В условиях идеологического накала, сопровождающего рыночную реформу в России, Церковь применяет очень взвешенные формулировки, но и они не оставляют места для самой постановки вопроса о сакрализации. Вот главные утверждения: «Под собственностью принято понимать общественно признанную форму отношения людей к плодам труда и естественным ресурсам». Общественно принятая форма – совершенно иной признак легитимности отношений, нежели Откровение свыше, придающее данным отношениям священный характер. Церковь такой функции на себя не берет, в Концепции сказано и выделено: «Церковь не определяет права людей на собственность… По учению Церкви, люди получают все земные блага от Бога, Которому и принадлежит абсолютное право владения ими». А уж как в тот или иной исторический период люди определят общественно принятые формы собственности – это их чисто земные дела. Перечисляя известные формы собственности, Концепция так устанавливает позицию русского православия:
«Государственная, общественная, корпоративная, частная и смешанные формы собственности в разных странах получили различное укоренение в ходе исторического развития. Церковь не отдает предпочтения ни одной из этих форм».

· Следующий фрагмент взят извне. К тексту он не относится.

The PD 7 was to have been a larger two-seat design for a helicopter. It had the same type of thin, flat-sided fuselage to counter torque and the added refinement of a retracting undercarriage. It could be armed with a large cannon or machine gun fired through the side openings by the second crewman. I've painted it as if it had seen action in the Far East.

Надо заметить, насколько рассуждение Церкви более разумно, исторично и даже логично, чем рассуждения иных докторов наук и даже действительных членов Российской Академии наук.

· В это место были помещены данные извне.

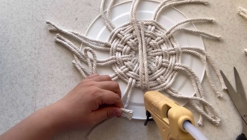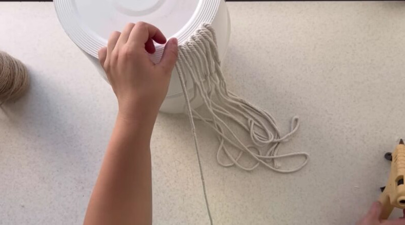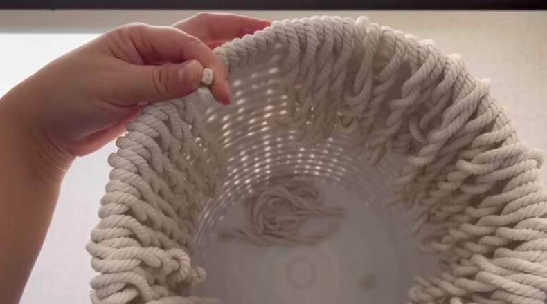 Свободные концы шнура обрежьте и зафиксируйте внутри корзины с помощью горячего клея.

Можно, конечно, предположить, что рыночники-западники ориентируются не на Православие, а на другую большую ветвь христианства, католичество. Но их отношение к собственности идет вразрез и с католической доктриной. В конце XIX века Ватикан стал активно выступать в области социальной политики, и папа Лев XIII выпустил энциклику Rerum novarum. К ее столетию Иоанн Павел II издал энциклику Centesimus Annus. В ней он, в частности, говорит о собственности на землю:
«Бог дал землю всему человеческому роду, чтобы она кормила всех своих обитателей, не исключая никого из них и не давая никому из них привилегий. Здесь первый корень всеобщего предназначения земных вещей».

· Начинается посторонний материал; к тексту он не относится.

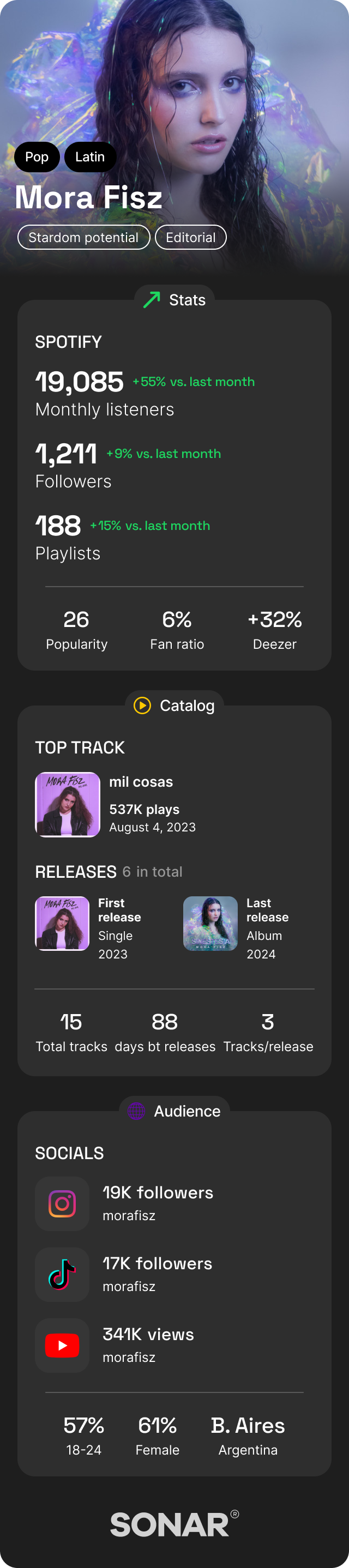 Keep an eye out for this young talent from Argentina, whose popularity is rising incredibly fast. He first single, “mil cosas”, has reached over 500K streams in a little over a year. With a compelling voice and a rising social following, Mora has a strong potential to emerge as one of Latin America’s new pop star soon.

Совершенно очевидно, что частная собственность на землю дает привилегии собственникам и исключает из числа питающихся очень многих – это всем прекрасно известно. Далее в своей энциклике папа римский налагает на право всякой частной собственности сугубо социальные ограничения:
«Собственность на средства производства, как в области промышленности, так и в сельском хозяйстве, является справедливой и законной, когда используется для полезной работы; но является незаконной, когда используется для… получения прибыли, для своего накопления, для незаконной эксплуатации, для спекуляции и подрыва солидарности в трудовой среде».
Тут не только ни о каком священном характере и речи нет – сама законность частной собственности в ее реальном воплощении («накопление, эксплуатация, спекуляция и подрыв солидарности в трудовой среде») ставится под вопрос.
Остается лишь добавить, что еще менее, нежели религия, для освящения частной собственности может быть в России привлечена народная традиция, предание. Это, впрочем, ни в какой культуре было бы невозможно именно вследствие молодости буржуазного общества, но в России особенно. Сам же А.Н.Яковлев с горечью признает: «На Руси никогда не было нормальной, вольной частной собственности…» Ну, не было, так и говорить не о чем, какое уж тут предание.
Если уж говорить о традициях и здравом смысле, то лучше вспомнить трезвое суждение М.Е.Салтыкова-Щедрина: «Горе – думается мне – тому граду, в котором и улица, и кабаки безнужно скулят о том, что собственность священна! наверное, в граде сем имеет произойти неслыханнейшее воровство!»